Marissa Giustina is an American physicist who is a senior research scientist at the Quantum Artificial Intelligence Lab. Her research considers the development of quantum computing and experimental tests of quantum theory.

== Early life and education ==
Giustina became interested in computing as a child. She was an undergraduate student in mathematics at the Mary Baldwin University, where she had one woman physics teacher, who inspired her to pursue a career in engineering. She moved to the Thayer School of Engineering at Dartmouth College for undergraduate and graduate studies, where she was mentored by Lorenza Viola. Her research considered the photoresponse of black silicon below the silicon bandgap. She moved to the University of Vienna in 2010, where she started doctoral research in the Institute for Quantum Optics and Quantum Information. As part of her research, she developed an experiment to demonstrate quantum entanglement. The equipment was based at the Hofburg Palace , and generated entangled pairs of photons which were coupled into glass fibres that were carried to measurement stations. The measurement stations included a random number generator to choose which orientation to measure the photon polarization in, and superconducting detectors to determine whether the photons had arrived. Her research provided validation for quantum entanglement. The extraordinary detection sensitivity and spatial separation between the pair of detectors were enough to make the result a definitive proof of entanglement. Her research on loophole-free texting of Bell experiments was recognized with the Paul Ehrenfest Best Paper Award.

== Research and career ==
Giustina joined the Google Quantum Artificial Intelligence Lab in 2016. She develops quantum computers, which store information in a compressed form using quantum states. Her quantum computers are based on nonlinear superconducting elements, which comprise a Josephson junction integrated as a non-linear element. This type of circuit operates at frequencies close to 5 GHz and produces two discrete states (0 and 1) as well as superpositions of states.

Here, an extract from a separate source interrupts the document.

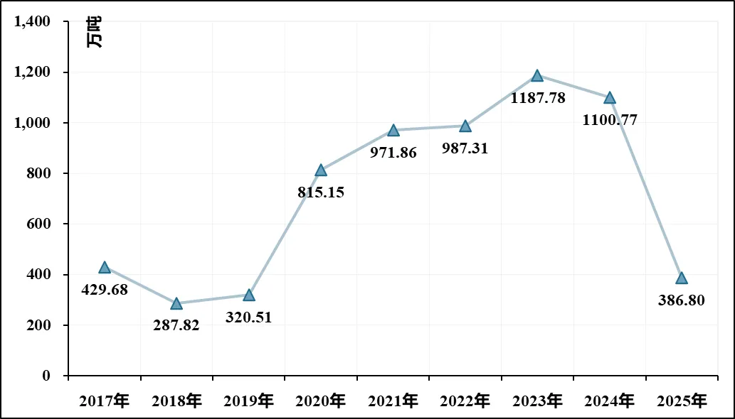 图表 3 2017年至2025年我国小麦进口情况
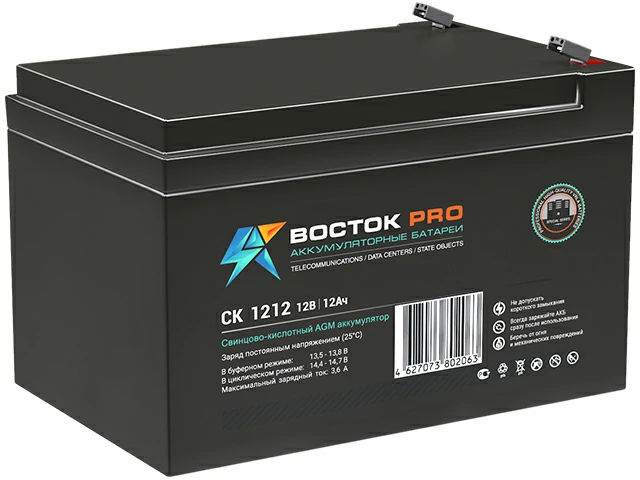 Свинцово-кислотные аккумуляторы Восток серии CK предназначены для использования в системах бесперебойного питания, резервного энергоснабжения, автономных энергосистемах. Изготовлены по AGM технологии (электролит, абсорбированный в стекловолоконном сепараторе), являются герметизированными и необслуживаемыми, со сроком службы в буферном режиме до 10 лет. Обладают высокими разрядными и эксплуатационными характеристиками благодаря использованию в составе электролита и намазной пасты специальных добавок, препятствующих коррозии и замедляющих процесс старения.

She is working to improve the functionality of quantum processors and attempting overcome decoherence.

Giustina serves on the advisory board of the United States Department of Energy National Quantum Initiative Advisory Committee. In 2020, she was selected as one of Fortunes 40 Under 40, and in 2021 she was listed in the Future Tech Awards Future 50.

In 2021, Giustina took part in Homeward Bound, an Australian leadership program.